Когда меня забирала полиция, все средства массовой информации и все общество раздули вокруг большую шумиху. Но когда меня признали невиновным и освободили, все молчали, будто воды набрали в рот. Единственным упоминанием о моей невиновности и последующем освобождении была крохотная заметка в три строки в самом дальнем углу газетного листа, гласившая, что «преподобного Муна признали невиновным и выпустили на свободу». Грязные слухи, породившие скандал на всю страну, оказались ложными, но этот факт благополучно затерли и забыли. Члены Церкви пытались протестовать и говорили мне: «Преподобный Мун, это же несправедливо! Все это до такой степени выводит нас из себя, что мы не можем больше терпеть». Они плакали передо мной, но я молчал и просто утешал их.

Я никогда не забуду ту боль, которая навалилась на меня вместе с ложными обвинениями. Но я терпел, даже когда против меня ополчилось столько людей, что казалось, будто мне нет места во всей Корее. Эти боль и печаль навсегда засели где-то глубоко, в самом дальнем уголке сердца.
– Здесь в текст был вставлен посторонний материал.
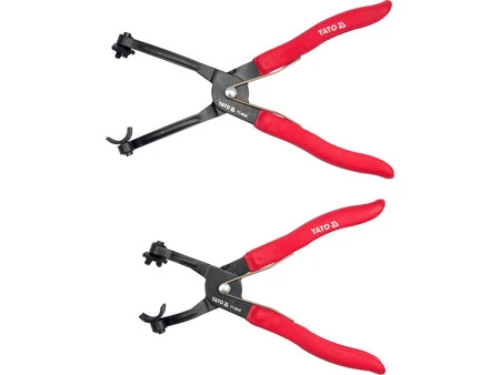 Zestaw szczypiec do opasek i przewodów gumowych YT-0645 to gwarancja szybkiej i bezpiecznej pracy przy układach samochodowych. Dwa hartowane narzędzia o różnych długościach zapewniają komfort i uniwersalność.
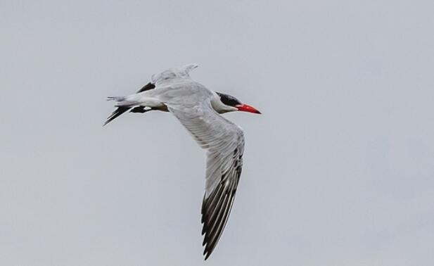 外形:一般体长63~72厘米,体重1500~2000克,体形大。嘴呈桔红色,嘴尖稍弯,上下点缀黑斑。成鸟头戴“黑帽”,背呈灰白色,腹及翼下白色,白眼圈,黑色的尾巴、黑色的翅膀。

Я был похож на дерево, покореженное ветрами и ливнями и опаленное пожаром, но я ни за что не позволил бы себе сгореть дотла и умереть. Даже на обгоревших ветвях по весне распускаются свежие почки. Если я буду продолжать свой путь со смирением и твердой убежденностью, однажды непременно наступит день, когда люди поймут ценность того, что я сделал.